--- Extracted records ---

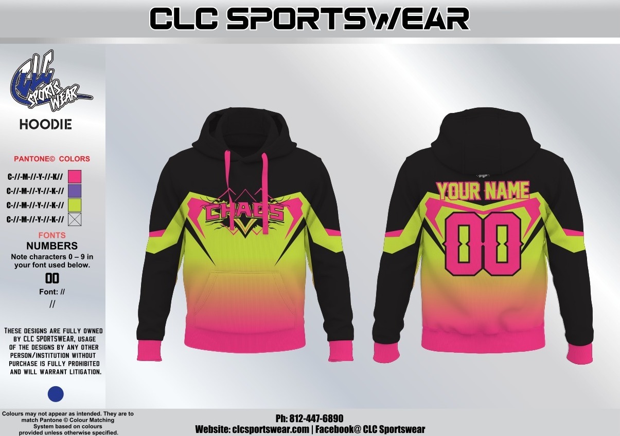 Crafted from high-quality fleece material, this hoodie provides exceptional warmth and comfort for cool weather games, practice sessions, or casual wear. The hood features hot pink drawstrings that coordinate perfectly with the gradient design, while the ribbed cuffs and hem in hot pink add stylish finishing touches. The back of the hoodie continues the gradient effect and includes customizable player name and number in lime green lettering. Whether you’re warming up before a game, cheering from the sidelines, or representing your team around town, this hoodie delivers premium comfort and unmistakable Team Chaos style. It’s the perfect layering piece that transitions effortlessly from athletic to casual wear.
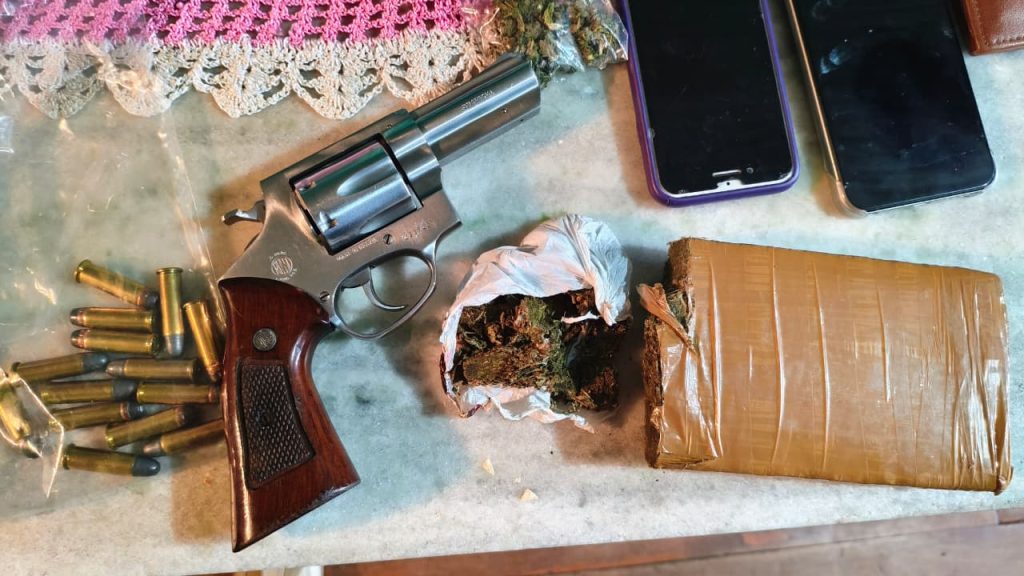 Durante o cumprimento do mandado, o homem e sua mãe foram presos em flagrante. A prisão ocorreu devido à posse de uma arma de fogo ilegal, com numeração suprimida. O investigado também foi autuado pelo crime de tráfico de drogas.
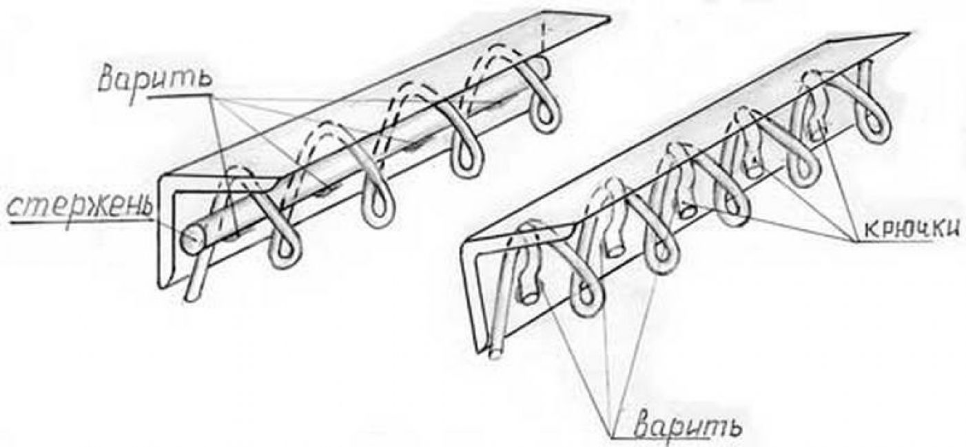 Когда бетонный раствор затвердеет, на стойки для забора приваривают крюки. На них затем производят натяжку сетки. Для чего используют прут, проволоку, гвозди, то есть любой материал, выгибающийся в крючок.
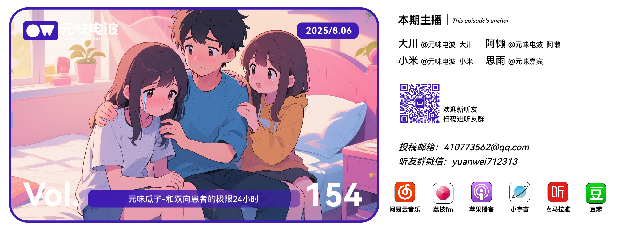 我们的节目,您可以在小宇宙、喜马拉雅、网易云音乐、荔枝 FM、荔枝播客,苹果播客,豆瓣书影音,微博搜索「元味电波」来订阅、收听。如果喜欢我们,也可以分享给你身边的朋友!
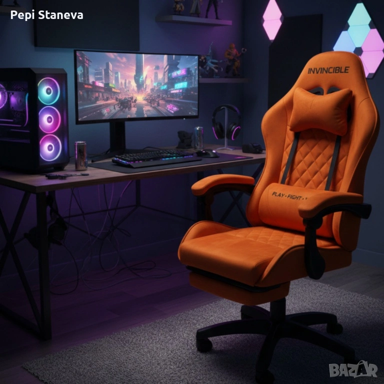 Оранжев велурен геймърски стол с поставка за крака – ергономичен, метална рамка → Обява 53334457
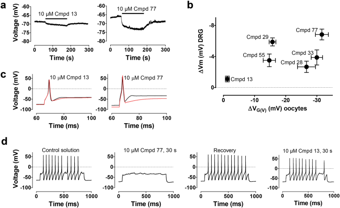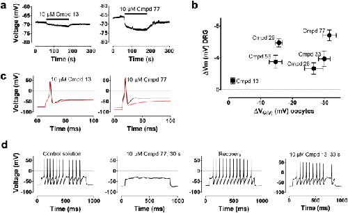 Figure 6. The effect of compounds on the resting membrane potential (Vm) and excitability of DRG neurons.(a) Recordings of Vm during application of Compound 13 and 77. (b) Compound-induced hyperpolarizing shifts of Vm of DRGs (10 μM at pH 7.4) plotted versus the shifts for the 3R Shaker K channel expressed in Xenopus oocytes (100 μM at pH 7.4). Mean ± SEM (for DRG-recordings, n = 4–7; for oocyte recordings, n = 4–9). (c) Effects on single action potentials by Compound 13 and 77 (black is control and red is test compound). (d) Effects on repetitive firing elicited by a continuous current pulse. The effect of Compound 77 is clearly reversible. Compound 13 had almost no effect.
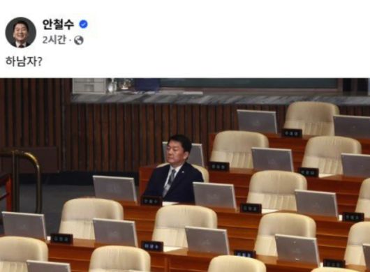 안 의원은 10일 자신의 사회관계망서비스(SNS)에 "하남자?"란 글과 함께 자신이 본회의장에 홀로 앉아있는 사진을 게시했다. 이 사진은 지난해 12월 7일 국회 본회의에서 '윤석열 대통령 탄핵소추안'이 안건으로 상정되자 국민의힘 의원들이 퇴장한 가운데 안 의원이 홀로 자리를 지키고 있었던 당시 모습이다.
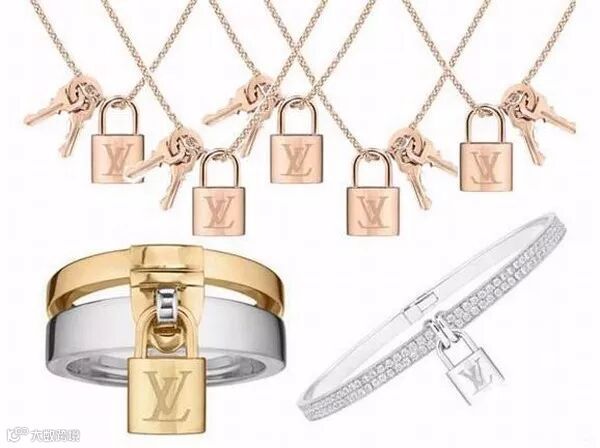 路易威登(Louis Vuitton)推出了以“lockit”手袋为原型的锁扣造型元素的珠宝,锁把装饰的手镯、项链,配上玫瑰金、金色、银色的光泽,奢华中满载浪漫情怀。
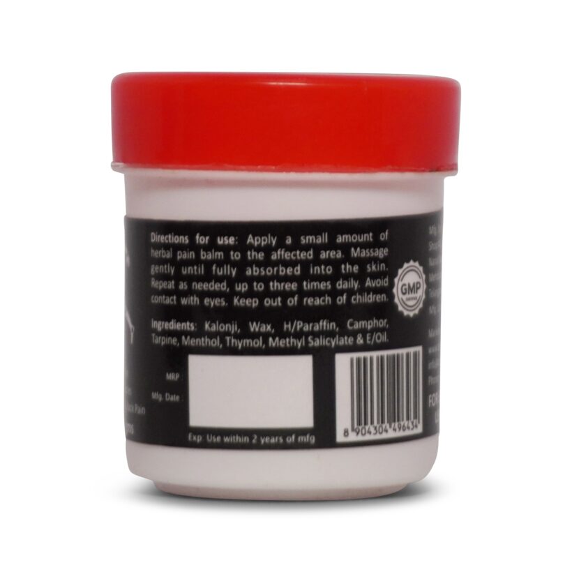 Harnessing the therapeutic properties of black seed oil and other essential ingredients, known for their anti-inflammatory and analgesic effects, our herbal formula penetrates deep into the skin to provide fast-acting relief. Whether you’re experiencing the stiffness of arthritis or the strain of an active lifestyle, our pain balm offers a gentle yet effective solution.

---

- [Work task]: Copy the entries precisely, images excluded.

- [Reply]:
 Crafted from high-quality fleece material, this hoodie provides exceptional warmth and comfort for cool weather games, practice sessions, or casual wear. The hood features hot pink drawstrings that coordinate perfectly with the gradient design, while the ribbed cuffs and hem in hot pink add stylish finishing touches. The back of the hoodie continues the gradient effect and includes customizable player name and number in lime green lettering. Whether you’re warming up before a game, cheering from the sidelines, or representing your team around town, this hoodie delivers premium comfort and unmistakable Team Chaos style. It’s the perfect layering piece that transitions effortlessly from athletic to casual wear.
 Durante o cumprimento do mandado, o homem e sua mãe foram presos em flagrante. A prisão ocorreu devido à posse de uma arma de fogo ilegal, com numeração suprimida. O investigado também foi autuado pelo crime de tráfico de drogas.
 Когда бетонный раствор затвердеет, на стойки для забора приваривают крюки. На них затем производят натяжку сетки. Для чего используют прут, проволоку, гвозди, то есть любой материал, выгибающийся в крючок.
 我们的节目,您可以在小宇宙、喜马拉雅、网易云音乐、荔枝 FM、荔枝播客,苹果播客,豆瓣书影音,微博搜索「元味电波」来订阅、收听。如果喜欢我们,也可以分享给你身边的朋友!
 Оранжев велурен геймърски стол с поставка за крака – ергономичен, метална рамка → Обява 53334457
 Figure 6. The effect of compounds on the resting membrane potential (Vm) and excitability of DRG neurons.(a) Recordings of Vm during application of Compound 13 and 77. (b) Compound-induced hyperpolarizing shifts of Vm of DRGs (10 μM at pH 7.4) plotted versus the shifts for the 3R Shaker K channel expressed in Xenopus oocytes (100 μM at pH 7.4). Mean ± SEM (for DRG-recordings, n = 4–7; for oocyte recordings, n = 4–9). (c) Effects on single action potentials by Compound 13 and 77 (black is control and red is test compound). (d) Effects on repetitive firing elicited by a continuous current pulse. The effect of Compound 77 is clearly reversible. Compound 13 had almost no effect.
 안 의원은 10일 자신의 사회관계망서비스(SNS)에 "하남자?"란 글과 함께 자신이 본회의장에 홀로 앉아있는 사진을 게시했다. 이 사진은 지난해 12월 7일 국회 본회의에서 '윤석열 대통령 탄핵소추안'이 안건으로 상정되자 국민의힘 의원들이 퇴장한 가운데 안 의원이 홀로 자리를 지키고 있었던 당시 모습이다.
 路易威登(Louis Vuitton)推出了以“lockit”手袋为原型的锁扣造型元素的珠宝,锁把装饰的手镯、项链,配上玫瑰金、金色、银色的光泽,奢华中满载浪漫情怀。
 Harnessing the therapeutic properties of black seed oil and other essential ingredients, known for their anti-inflammatory and analgesic effects, our herbal formula penetrates deep into the skin to provide fast-acting relief. Whether you’re experiencing the stiffness of arthritis or the strain of an active lifestyle, our pain balm offers a gentle yet effective solution.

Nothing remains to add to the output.